Love it, looks great after conditioning on `c_y`

``````imp_y_noise <- mice(
data,
m = 5,
formulas = list(x_obs ~ noise + y),
print = FALSE) ``````
``````mod_imp_noise <-  with(imp_y_noise, lm(y ~ x_obs)) |>
pool() |>
tidy(conf.int = TRUE) |>
filter(term == "x_obs") |>
select(estimate, conf.low, conf.high)

mod_imp_noise``````
``````   estimate  conf.low conf.high
1 0.9671593 0.8580147  1.076304``````

Oo lala, even does well when we don’t have the right model (this makes sense because we are using `y`!)

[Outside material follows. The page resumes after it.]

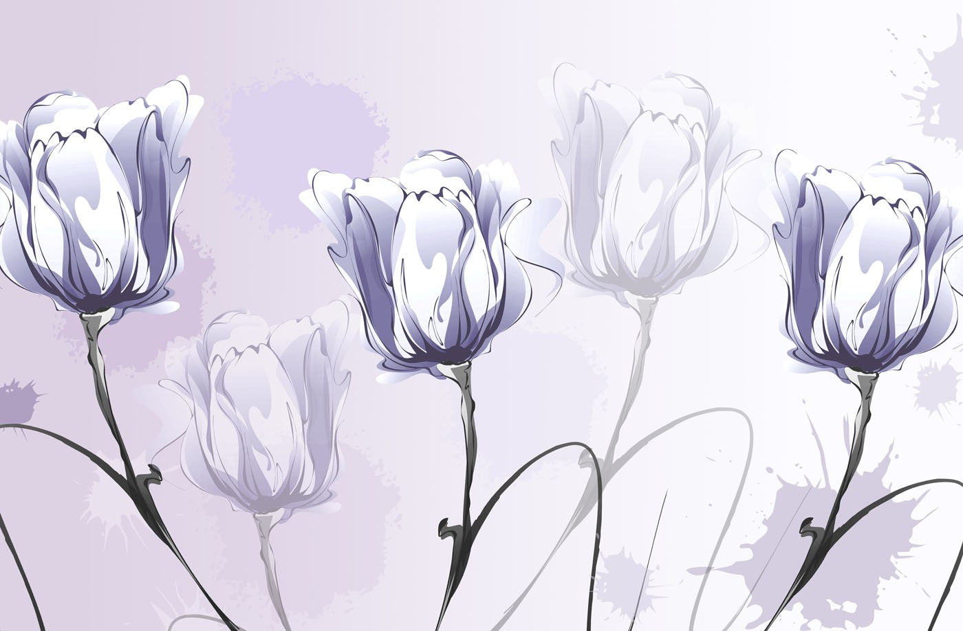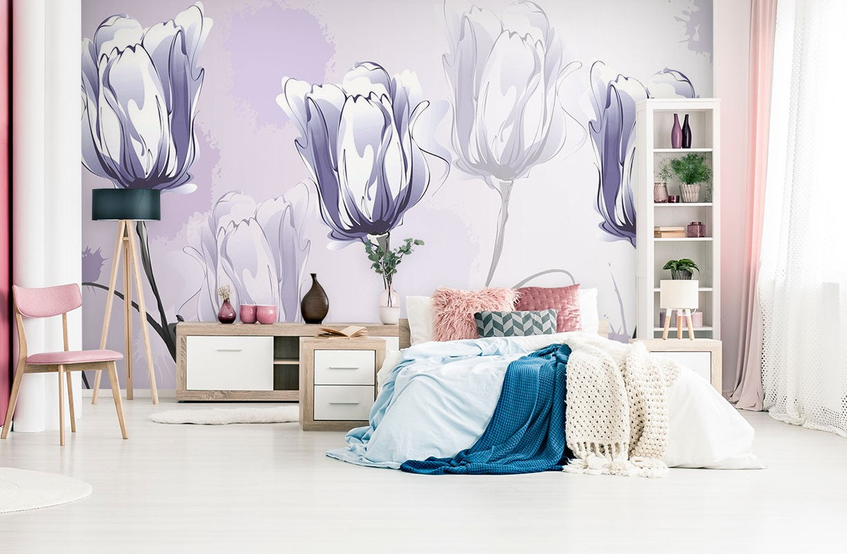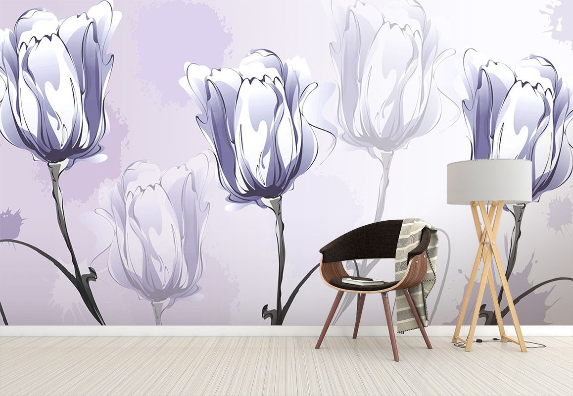 Violet Floral Dutch Flowers Blue Wallpaper Mural,Self-Adhesive Peel And Stick 3D Wall Paper,Designer Removable Wall Decor

``````mod_double_noise <-  with(imp_y_noise, lm(y ~ x_obs + noise)) |>
pool() |>
tidy(conf.int = TRUE) |>
filter(term == "x_obs") |>
select(estimate, conf.low, conf.high)

mod_double_noise``````
``````   estimate  conf.low conf.high
1 0.9697639 0.8612499  1.078278``````

Let’s put those in the original plot:

``````bind_rows(
mod_full_c_x,
mod_full_c_y,
mod_full_noise,
mod_cc_c_x,
mod_cc_c_y,
mod_cc_noise,
mod_imp_c_x,
mod_imp_c_y,
mod_imp_noise,
mod_double_c_x,
mod_double_c_y,
mod_double_noise
) |>
mutate(
mod = factor(c("Full data with c_x",
"Full data with c_y",
"Full data with noise",
"Complete case with c_x",
"Complete case wtih c_y",
"Complete case with noise",
"Imputation with c_x and y",
"Imputation with c_y and y",
"Imputation with noise and y",
"Two models with c_x",
"Two models with c_y",
"Two models with noise" ),
levels = c("Full data with c_x",
"Complete case with c_x",
"Imputation with c_x and y",
"Two models with c_x",
"Full data with c_y",
"Complete case wtih c_y",
"Imputation with c_y and y",
"Two models with c_y",
"Full data with noise",
"Complete case with noise",
"Imputation with noise and y",
"Two models with noise" )),
mod = fct_rev(mod),
) -> to_plot

ggplot(to_plot, aes(x = estimate, xmin = conf.low, xmax = conf.high, y = mod)) +
geom_pointrange() +
geom_vline(xintercept = 1, lty = 2)``````

Pretty good! Maybe I’m feeling a little better about imputation. Maybe. But it had better include the outcome (which I’ll admit feels very weird for my little causal brain).